**How to complete this task**
Retype every line from the start of the data down to and including the line with "Форма для выпечки". Skip the pictures.

**Information shown**
========================

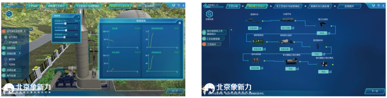 工程进阶:本软件的核心部分,包括预处理工艺设计、主工艺设计与运营调试、资源化与三废处理等,学生通过选择垃圾组分、设计预处理工艺路线、厌氧主工艺设计及运营调节、沼气资源化、沼液、沼渣和臭气处理等学习不同工艺单元衔接、设备调试规律等。
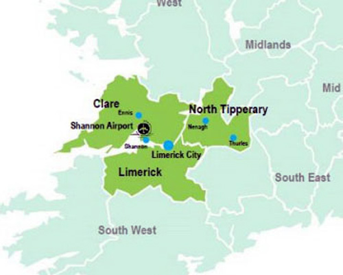 The Mid-West region consists of counties Tipperary North, Clare and Limerick; spanning 10,511 km2, or 14.95% of the total area of the Irish State, serving a population of some 506,000 inhabitants.
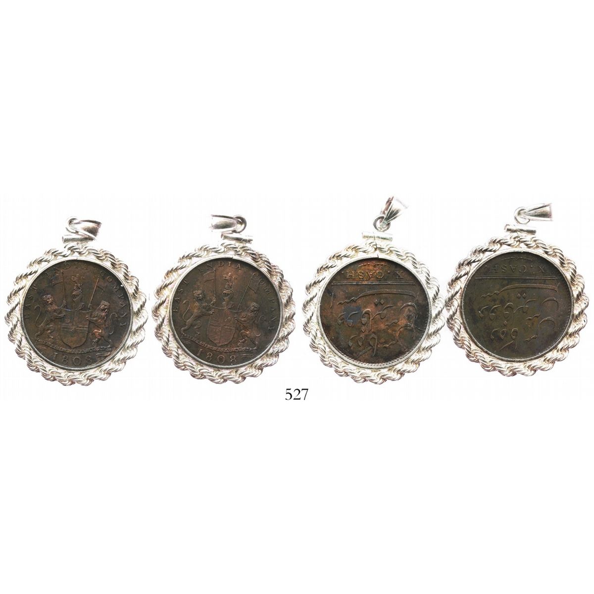 Lot of 2 British East India Co. copper X cash, 1808, mounted arms-side out in silver necklace bezels. KM-319. 17.8 grams total. Nice specimens, uncorroded but not completely cleaned, in standard-sized mountings. Recovered from: Admiral Gardner, sunk in 1809 southeast of England
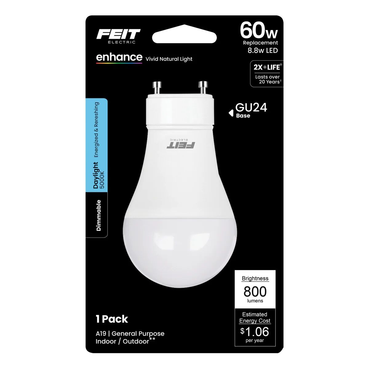Feit Electric A19 8.8 Watt Frosted Daylight Dimmable GU25 LED Light Bulb
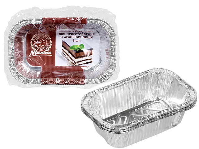 Форма для выпечки алюминиевая, прямоугольная, 3 шт., 13,5х8,5х4 см, MARMITON (для запекания, обжарки, хранения и замораживания продуктов)
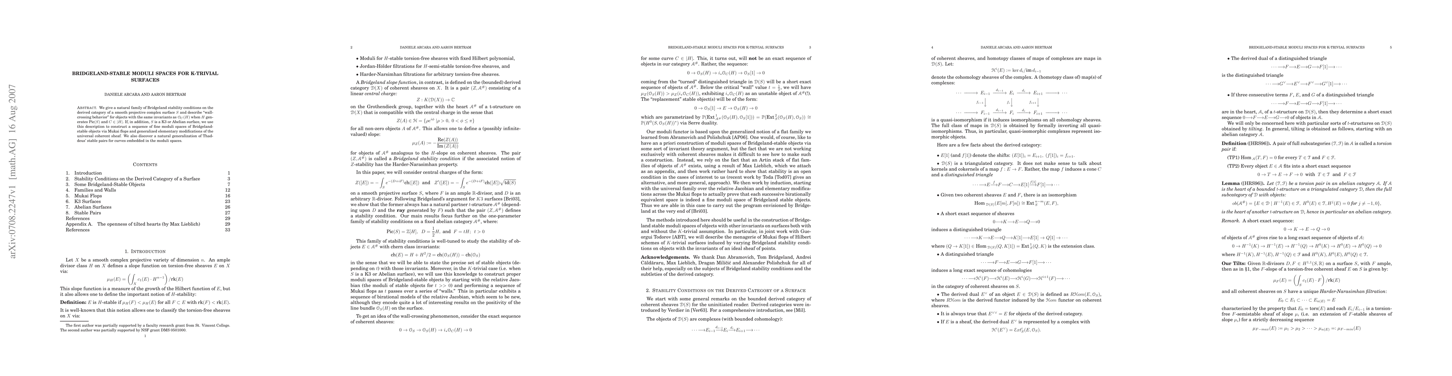 This paper introduces a family of Bridgeland stability conditions on the derived category of K-trivial smooth projective surfaces, analyzing wall-crossing behavior for specific objects. For K3 or Abelian surfaces, it constructs moduli spaces of Bridgeland-stable objects using Mukai flops and explores a generalized stable pairs concept.
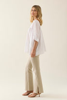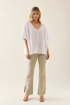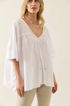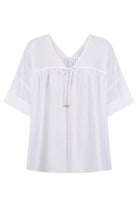 Designed for comfort and movement, the Aurora Relaxed Top features a flattering V-neck at front and back, a dropped sleeve with cuff, and neck ties finished with gold beads. The cotton voile fabric gives it an airy feel.
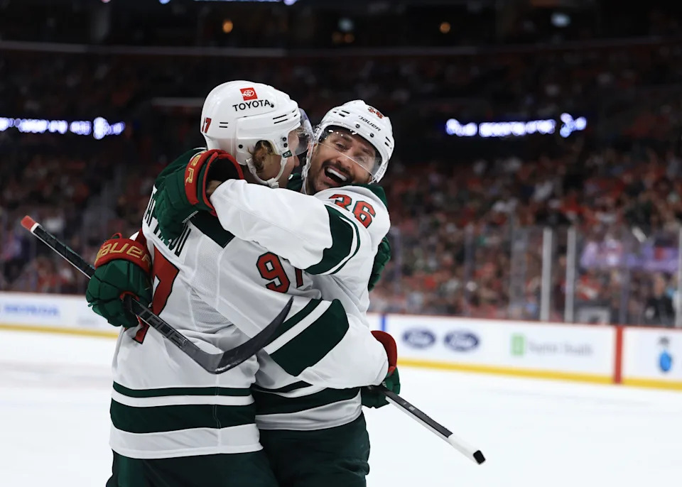 Mats Zuccarello of the Minnesota Wild celebrates his goal with Kirill Kaprizov during the second period against the Florida Panthers at Amerant Bank Arena on Oct. 22, 2024, in Sunrise, Florida.

========================

**Reply**
 工程进阶:本软件的核心部分,包括预处理工艺设计、主工艺设计与运营调试、资源化与三废处理等,学生通过选择垃圾组分、设计预处理工艺路线、厌氧主工艺设计及运营调节、沼气资源化、沼液、沼渣和臭气处理等学习不同工艺单元衔接、设备调试规律等。
 The Mid-West region consists of counties Tipperary North, Clare and Limerick; spanning 10,511 km2, or 14.95% of the total area of the Irish State, serving a population of some 506,000 inhabitants.
 Lot of 2 British East India Co. copper X cash, 1808, mounted arms-side out in silver necklace bezels. KM-319. 17.8 grams total. Nice specimens, uncorroded but not completely cleaned, in standard-sized mountings. Recovered from: Admiral Gardner, sunk in 1809 southeast of England
Feit Electric A19 8.8 Watt Frosted Daylight Dimmable GU25 LED Light Bulb
 Форма для выпечки алюминиевая, прямоугольная, 3 шт., 13,5х8,5х4 см, MARMITON (для запекания, обжарки, хранения и замораживания продуктов)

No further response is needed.